◆ **Information given**
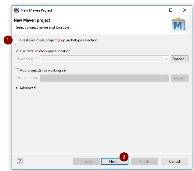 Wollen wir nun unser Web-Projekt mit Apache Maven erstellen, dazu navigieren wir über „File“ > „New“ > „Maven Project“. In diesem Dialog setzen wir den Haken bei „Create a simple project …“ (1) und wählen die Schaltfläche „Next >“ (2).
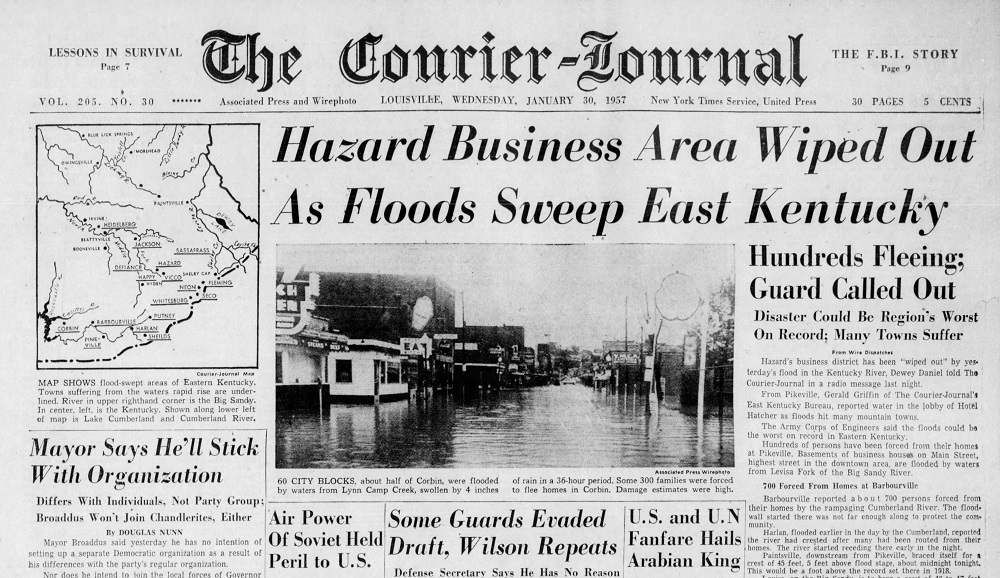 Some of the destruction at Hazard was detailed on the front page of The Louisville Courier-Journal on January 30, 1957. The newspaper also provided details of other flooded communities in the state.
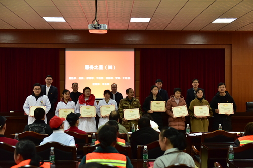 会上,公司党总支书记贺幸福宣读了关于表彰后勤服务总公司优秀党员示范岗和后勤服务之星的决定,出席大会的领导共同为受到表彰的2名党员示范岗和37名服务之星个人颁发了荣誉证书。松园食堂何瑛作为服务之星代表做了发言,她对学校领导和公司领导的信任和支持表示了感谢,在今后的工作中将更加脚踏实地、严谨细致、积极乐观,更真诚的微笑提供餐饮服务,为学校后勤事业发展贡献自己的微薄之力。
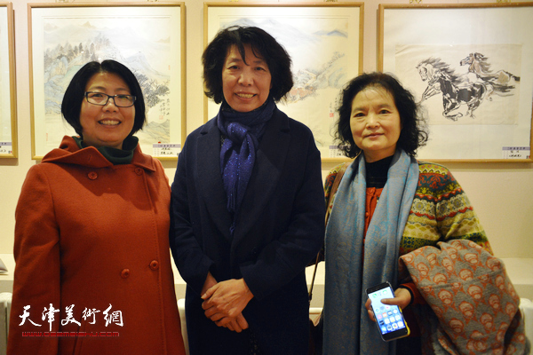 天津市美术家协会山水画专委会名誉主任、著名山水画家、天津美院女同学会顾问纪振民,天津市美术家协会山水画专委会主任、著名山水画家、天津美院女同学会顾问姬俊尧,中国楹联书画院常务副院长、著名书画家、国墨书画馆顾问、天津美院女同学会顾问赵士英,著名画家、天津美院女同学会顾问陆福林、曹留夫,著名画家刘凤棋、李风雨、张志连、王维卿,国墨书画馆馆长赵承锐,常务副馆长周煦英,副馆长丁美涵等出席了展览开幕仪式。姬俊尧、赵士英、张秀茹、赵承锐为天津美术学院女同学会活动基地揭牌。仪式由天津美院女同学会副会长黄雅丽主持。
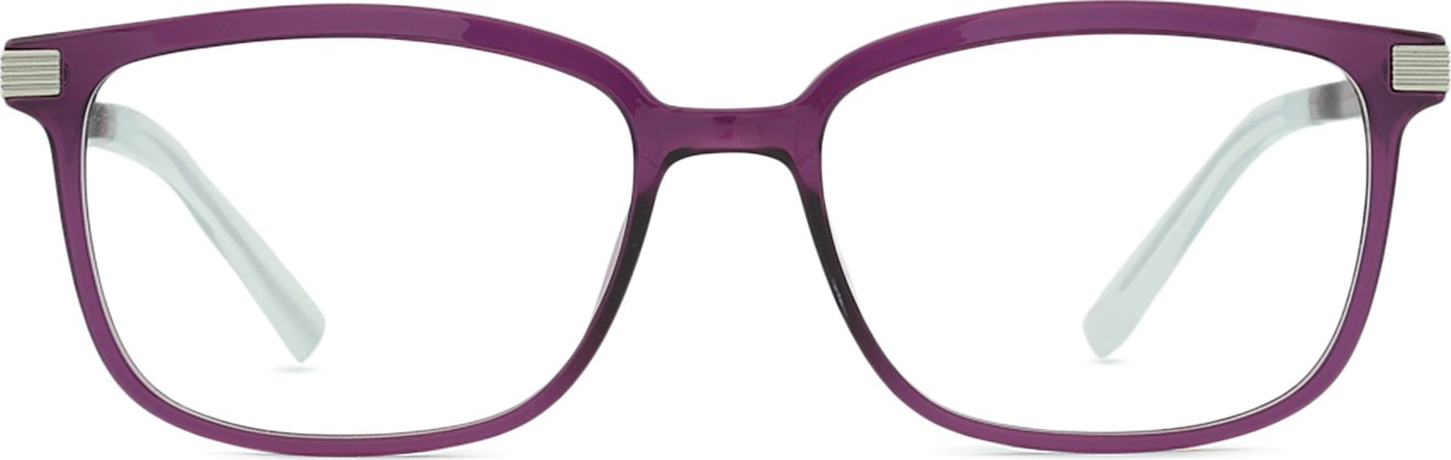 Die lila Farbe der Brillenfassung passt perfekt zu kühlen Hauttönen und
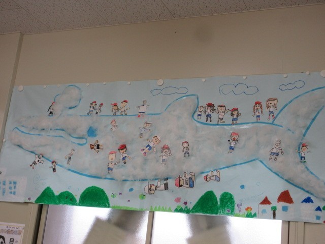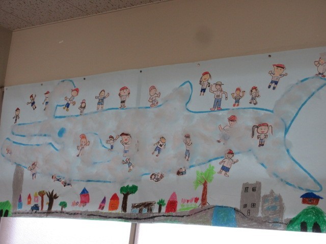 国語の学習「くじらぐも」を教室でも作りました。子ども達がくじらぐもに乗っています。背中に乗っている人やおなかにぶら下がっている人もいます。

* * *

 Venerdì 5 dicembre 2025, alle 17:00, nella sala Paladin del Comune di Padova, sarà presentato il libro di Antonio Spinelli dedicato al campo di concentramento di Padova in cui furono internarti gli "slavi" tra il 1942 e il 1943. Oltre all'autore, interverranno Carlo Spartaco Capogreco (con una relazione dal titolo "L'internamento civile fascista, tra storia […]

◆ **Action item**
In the data above, the stretch from the line with "Wollen wir nun" through the line with "国語の学習「くじらぐも」を教" is to be returned exactly, minus any pictures.

◆ **Completed exercise**
 Wollen wir nun unser Web-Projekt mit Apache Maven erstellen, dazu navigieren wir über „File“ > „New“ > „Maven Project“. In diesem Dialog setzen wir den Haken bei „Create a simple project …“ (1) und wählen die Schaltfläche „Next >“ (2).
 Some of the destruction at Hazard was detailed on the front page of The Louisville Courier-Journal on January 30, 1957. The newspaper also provided details of other flooded communities in the state.
 会上,公司党总支书记贺幸福宣读了关于表彰后勤服务总公司优秀党员示范岗和后勤服务之星的决定,出席大会的领导共同为受到表彰的2名党员示范岗和37名服务之星个人颁发了荣誉证书。松园食堂何瑛作为服务之星代表做了发言,她对学校领导和公司领导的信任和支持表示了感谢,在今后的工作中将更加脚踏实地、严谨细致、积极乐观,更真诚的微笑提供餐饮服务,为学校后勤事业发展贡献自己的微薄之力。
 天津市美术家协会山水画专委会名誉主任、著名山水画家、天津美院女同学会顾问纪振民,天津市美术家协会山水画专委会主任、著名山水画家、天津美院女同学会顾问姬俊尧,中国楹联书画院常务副院长、著名书画家、国墨书画馆顾问、天津美院女同学会顾问赵士英,著名画家、天津美院女同学会顾问陆福林、曹留夫,著名画家刘凤棋、李风雨、张志连、王维卿,国墨书画馆馆长赵承锐,常务副馆长周煦英,副馆长丁美涵等出席了展览开幕仪式。姬俊尧、赵士英、张秀茹、赵承锐为天津美术学院女同学会活动基地揭牌。仪式由天津美院女同学会副会长黄雅丽主持。
 Die lila Farbe der Brillenfassung passt perfekt zu kühlen Hauttönen und
 国語の学習「くじらぐも」を教室でも作りました。子ども達がくじらぐもに乗っています。背中に乗っている人やおなかにぶら下がっている人もいます。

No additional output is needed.